Licht ins Dunkel bringen – Aufarbeitung und Rehabilitierung der Opfer des § 175!
Vor 20 Jahren beschloss der Bundestag, den § 175 StGB, der homosexuelle Handlungen unter Strafe stellte, aus dem Strafgesetzbuch zu streichen.2002 beschloss der Bundestag gegen die Stimmen von CDU/CSU und FDP eine Ergänzung zum Gesetz zur Aufhebung nationalsozialistischer Unrechtsurteile in der Strafrechtspflege. Damit wurden Verurteilungen gemäß des §175 aus der Zeit des Nationalsozialismus für nichtig erklärt. Obwohl die Rechtsgrundlage bis 1969 die gleiche war und der Paragraph bis 1994 existierte, wurden die nach §175 StGB nach 1945 Verurteilten bisher nie rehabilitiert.

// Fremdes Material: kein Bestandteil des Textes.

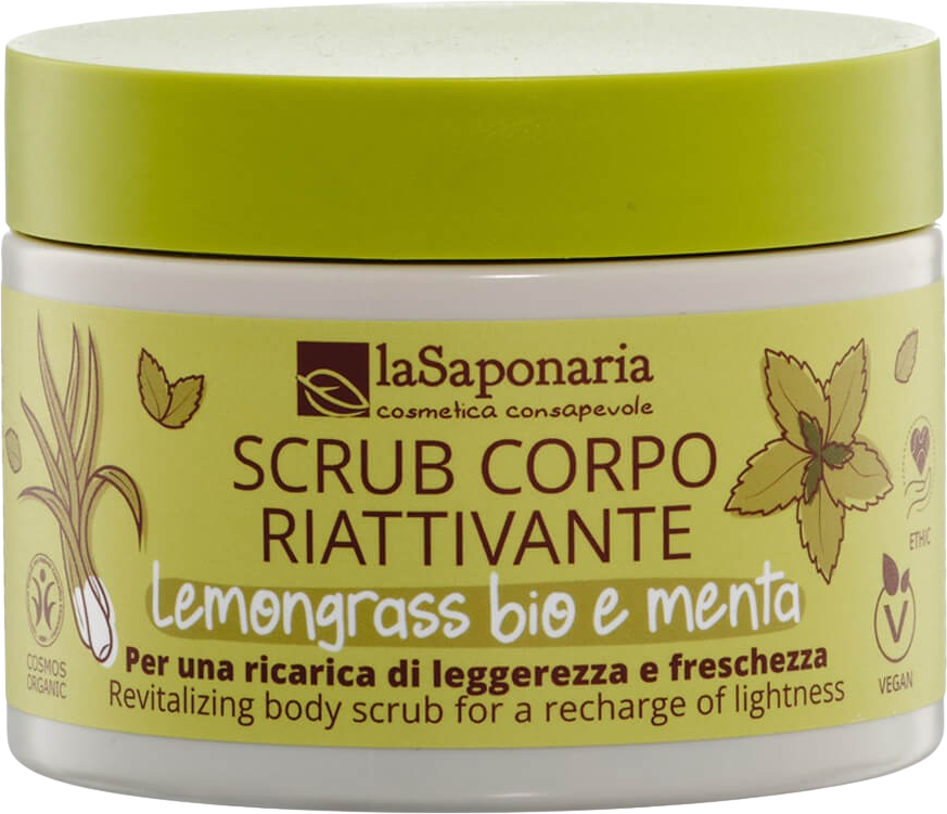 A Fairtrade nádcukorral, mandulahéj porral, sóval és revitalizáló növényi kivonatokkal előállított peeling számos előnnyel rendelkezik: kisimító hatású és eltávolítja az elhalt hámsejteket, serkenti a mikrokeringést, támogató cellulitisz esetén és csodálatosan puhává teszi a bőrt. A peeling borostyán (tonizáló), ginkgo (anti-cellulit), rozmaring (vérkeringést támogató), valamint citromcirok és menta illóolajokkal (aktiváló és tisztító) gazdagított.

Simon Andris, Sprecher der GRÜNEN JUGEND München, erklärt hierzu:
„Es ist beschämend genug, dass erst vor 20 Jahren, 1994, mit Ablauf der Frist für die Rechtsangleichung im Zuge der Wiedervereinigung, der Bundestag den Paragrafen wegfallen ließ, weil der Osten Deutschlands für homo-, trans- und bisexuelle Handlungen keine Strafvorschriften vorsah. Selbst nach dem „Wegfall“ des aus der Zeit des Nationalsozialismus verschärften Strafgesetzbuch-Paragraphen 175 sind die nach 1945 auf dieser Rechtsgrundlage gesprochenen Urteile nie aufgehoben worden. Statt weiterhin zuzusehen, wie die Opfer des § 175 mit den diskriminierenden Verurteilungen und der daraus resultierenden psychischen Belastung Leben müssen, ist die Politik in der Pflicht zu handeln. Wir fordern den bayerischen Justizminister Bausback auf, sich ernsthaft um Aufarbeitung zu kümmern und sich für die Rehabilitierung der Opfer des ehemaligen §175 StGB im Bundesrat einzusetzen!“
Mariella Kessler, Beisitzerin der GRÜNEN JUGEND München, ergänzt:
„2000 wurde vom Bundestag und vom Bundesrat mit großer Mehrheit die EU-Grundrechtecharta gebilligt, die ein Verbot der Benachteiligung aufgrund der sexuellen Ausrichtung enthält. Warum soll dies im deutschen Grundgesetz also nicht möglich sein? Damit auch national ein Paragraph wie der Paragraph 175 Strafgesetzbuch nie wieder existieren kann und die Diskriminierung gegenüber Homo-, Trans-, Bi- und Intersexuellen endlich überwunden, wird fordern wir eine Erweiterung des Gleichheitsartikel 3 Grundgesetz um die ‚sexuelle Identität’. Mit dem Allgemeinen Gleichbehandlungsgesetz von 2006 verpflichtet der Staat die Bürger*innen, in einem gewissen Rahmen, niemanden aufgrund der sexuellen Identität zu diskriminieren. Sich selbst hat er diese Verpflichtung noch nicht auferlegt. Dieser Widerspruch muss beseitigt werden. Der Staat darf sich kein Recht auf Diskriminierung reservieren.“
Fotos: Sebastian Grapentin (Queerrelations.net)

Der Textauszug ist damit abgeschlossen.